Grandparents crowd into OP School for special day

Second-grader Megan Clark shows her grandfather, Larry Clark, a picture of her with her class in the foyer of Ocean Park Elementary School during last week's Grandparents Day. DAMIAN MULINIX photo

OCEAN PARK - Happy young eyes and mountains of food awaited over 150 grandmas and grandpas at Ocean Park Elementary School's 11th annual Grandparents Day last Wednesday.

The school has been holding the event for over a decade as a way to include the elder relatives in the lives of their youthful kin. This particular get-together does not however coincide with the actual holiday itself, but they do observe it on the same day every year for a reason.

"We do it at this time because it seems to generate a wonderful crowd here at the school and the kids get to spend a day here at school with the grandparents as well," said Ocean Park Elementary School Principal Bette Arne.

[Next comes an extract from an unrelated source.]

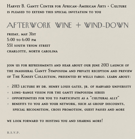 The Gantt Center sent in an invitation an "Afterwork Wine + Wind-down" at the Center on Friday, May 31 from 5-6 p.m. at 551 S. Tryon St., to "hear about our June 2013 launch of the inaugural Gantt Symposium and private reception and preview of The Kinsey Collection, presented by Wells Fargo." A palm card is here.

She said that they always have the event the day before Thanksgiving break to take advantage of the fact that many grandparents are usually in town for the holiday.

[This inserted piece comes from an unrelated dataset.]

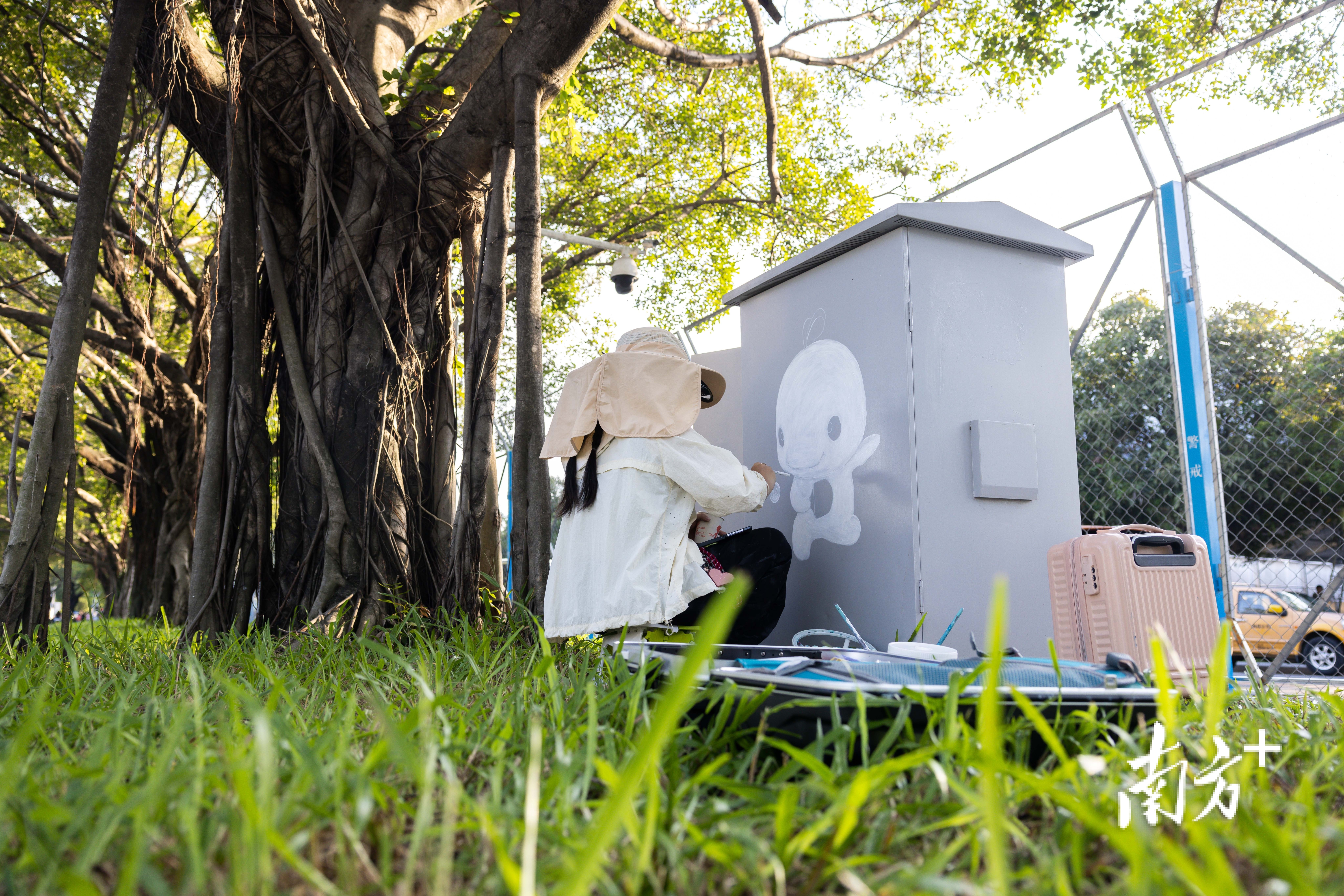 三十多℃的高温下,二十多天时间里,两个女孩绕着占地近百万平方米的广东奥林匹克体育中心,默默做着一件“小事”——为奥体周边数十个电箱穿上“新衣”,绘上第十五届全运会吉祥物“喜洋洋”和“乐融融”的运动造型。

This year marked an all-time high in attendance, said Arne. "This year was really crowded," she said. "We had about 30 more people than we anticipated."

Arne said that she estimated the crowd at around 350 altogether, with 145 of them being students.

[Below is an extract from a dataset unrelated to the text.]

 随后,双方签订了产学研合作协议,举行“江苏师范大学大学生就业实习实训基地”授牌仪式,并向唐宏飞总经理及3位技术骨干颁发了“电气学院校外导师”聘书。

"That's where we get our numbers from," said Arne, "145 - times two - plus a few."

Because of the growing number of attendants each year, the event - which consists mostly of a large buffet-style meal - has been moved out of the students classrooms and into the gymnasium.

"We felt that we really wanted to show a sense of community," said Arne.

So that there is plenty of seating available for the super-sized lunch, every available table and chair in the entire school was brought into the gym in preparation.

"It's a lot of work," said Arne. "We stay after school on Tuesday afternoon and we get this all set up in about an hour."

Carol Blank attended this year with her grandson Dillon Sharp, a third-grader. This year was Blank's first time at the annual affair.

"I thought it was wonderful," said Blank. "It's nice that the grandparents can come and see the school and see what the kids are doing. And it's great to have a meal with the kids and see them perform."

She said that she hopes she is able to attend again in the future.

Another tradition is for the students to go home with their relative following the meal. Many take this opportunity to see the child's class and the school.

Larry Clark browsed the halls with his granddaughter Megan Clark before taking her home. Megan enjoyed showing her grandpa pictures of her and her class in the foyer of the school.

"It was excellent," said Clark. "The food was great, the kids were great."

Despite the name of the occasion, the students do not have to necessarily bring their grandparents. If grandparents aren't available, a senior citizen that the child knows is invited to come instead.

Though it is a lot of work, Arne said that it is worth it and they will be doing it again next year.

"Every year we're in a panic over how we're going to fit everybody in here and seat everyone," said Arne. "And two days before we think, 'Oh, well all we have is celery or desserts.' But it's just kind of like a miracle, the food appears."